_Activity_
A word-for-word copy of the listing is what's needed; leave out every image.

_Information supplied_
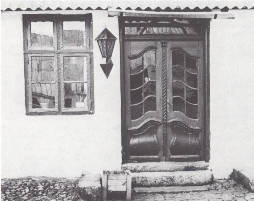
Dør fra gårdsiden i barokstil i Fogedgården. To døre og flere vinduer går tilbage til 1700-tallet.
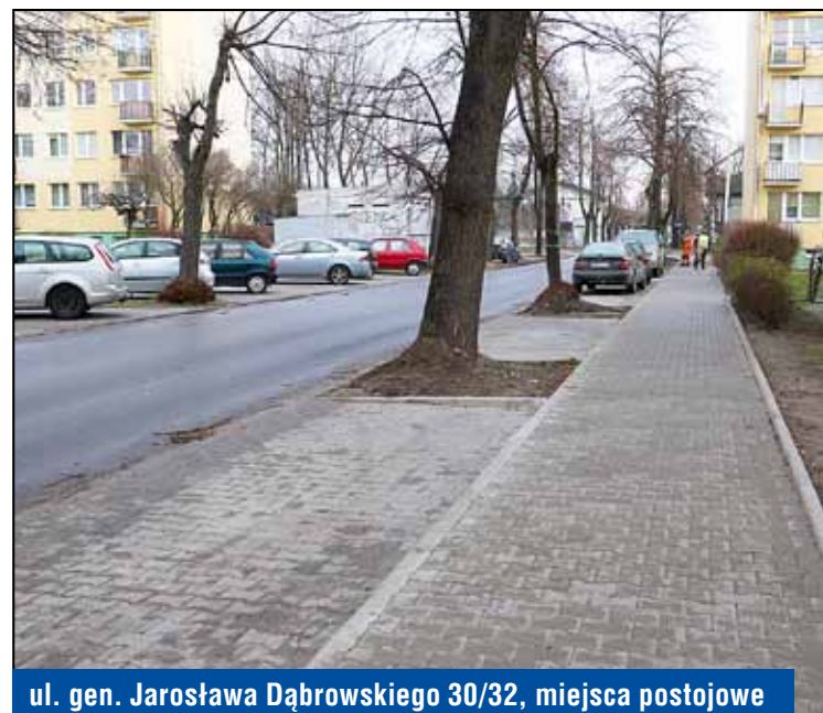
ul. gen. Jarosława Dąbrowskiego 30/32, miejsca postojowe
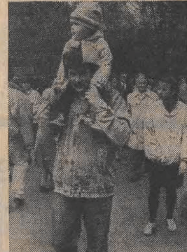
...a teraz kupisz mi watę na pa- tyku i posłuchamy jak śpiewają...
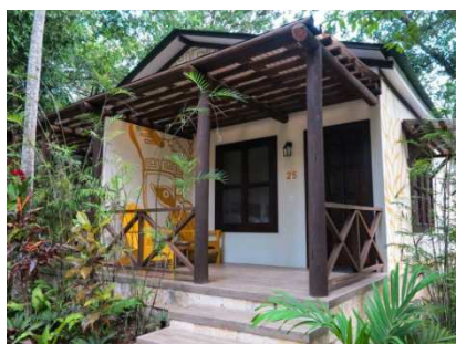
Jungle Lodge (Tikal)
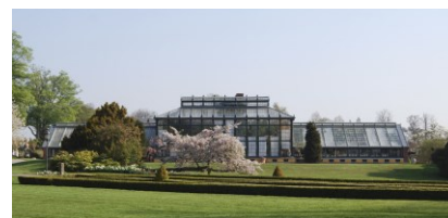
Paradedrivhuset set fra syd.

midterdel i tolv fag – alt sammen over en muret sokkel. Drivhuset er opført som jernkonstruktion med glaspartier imellem, og indgangsdøren sidder i drivhusets midte. Mod nord er drivhuset grundmuret, ligesom gavlene er det. Drivhusets centrale del er dekoreret med palmetter og kronet af en lanterne.
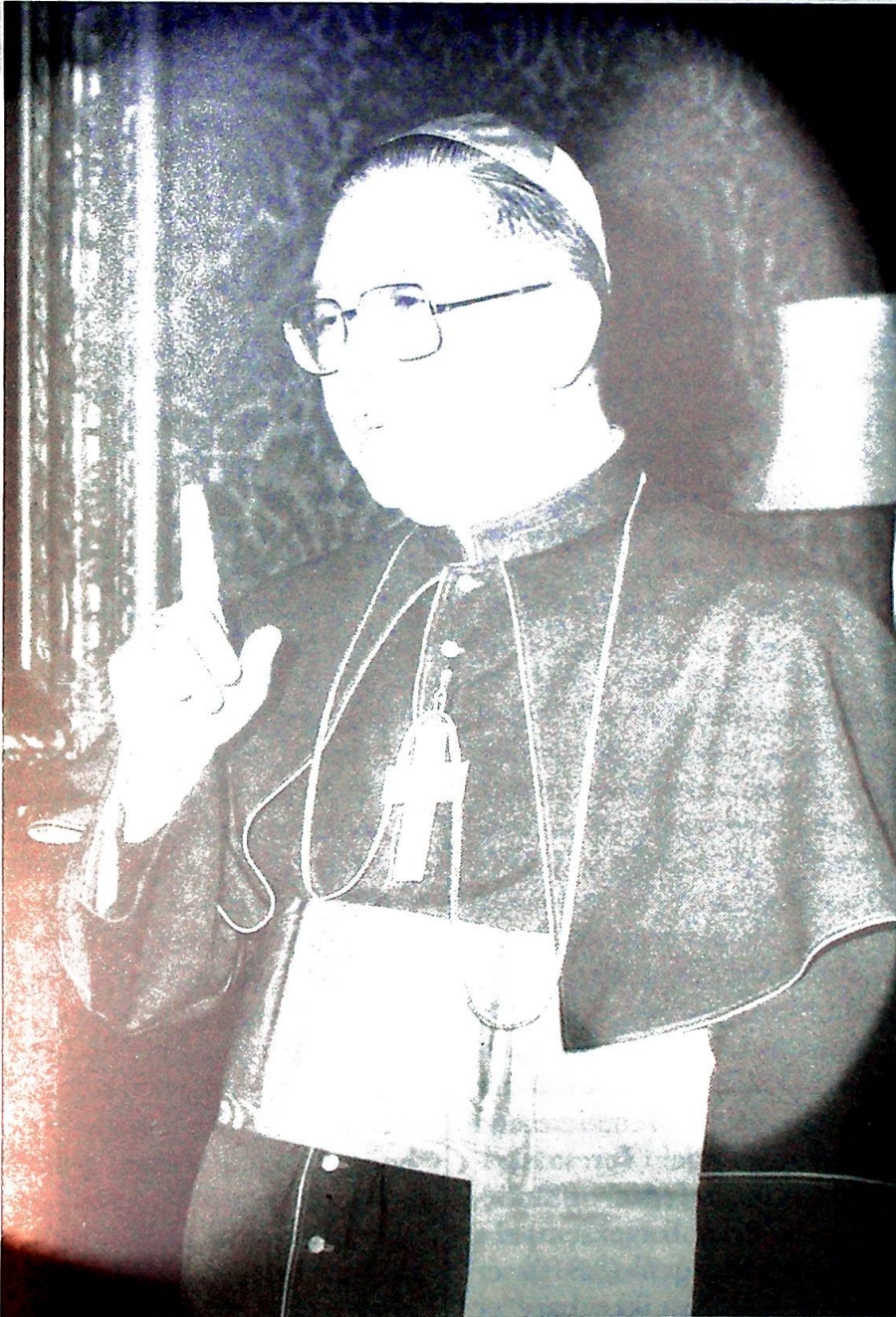
Erkebiskopen av Manila, kardinal Jaime Sin, hadde litt av hvert på hjertet da han møtte pressen under sitt besøk i London i våres.
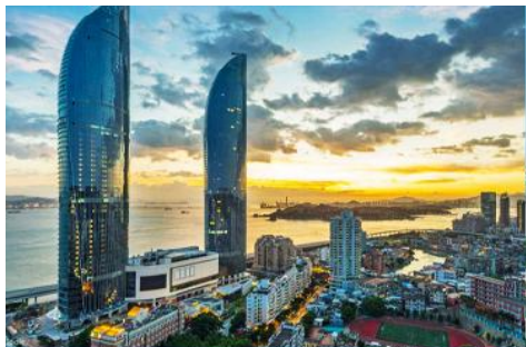
นครซีเยเหมิน

23.30 น. คณะเดินทางพร้อมกันที่ ท่าอากาศยานสุวรรณภูมิ อาคารผู้โดยสารขาออกชั้น 4 ประตูหมายเลข 10 เคาน์เตอร์ เช็คอิน สายการบิน XIAMEN AIRLINES (MF) เจ้าหน้าที่บริษัทฯ คอยให้การต้อนรับและอำนวยความสะดวกในการเช็คอิน

_Response area_
Dør fra gårdsiden i barokstil i Fogedgården. To døre og flere vinduer går tilbage til 1700-tallet.
ul. gen. Jarosława Dąbrowskiego 30/32, miejsca postojowe
...a teraz kupisz mi watę na pa- tyku i posłuchamy jak śpiewają...
Jungle Lodge (Tikal)
Paradedrivhuset set fra syd.

midterdel i tolv fag – alt sammen over en muret sokkel. Drivhuset er opført som jernkonstruktion med glaspartier imellem, og indgangsdøren sidder i drivhusets midte. Mod nord er drivhuset grundmuret, ligesom gavlene er det. Drivhusets centrale del er dekoreret med palmetter og kronet af en lanterne.
Erkebiskopen av Manila, kardinal Jaime Sin, hadde litt av hvert på hjertet da han møtte pressen under sitt besøk i London i våres.
นครซีเยเหมิน

23.30 น. คณะเดินทางพร้อมกันที่ ท่าอากาศยานสุวรรณภูมิ อาคารผู้โดยสารขาออกชั้น 4 ประตูหมายเลข 10 เคาน์เตอร์ เช็คอิน สายการบิน XIAMEN AIRLINES (MF) เจ้าหน้าที่บริษัทฯ คอยให้การต้อนรับและอำนวยความสะดวกในการเช็คอิน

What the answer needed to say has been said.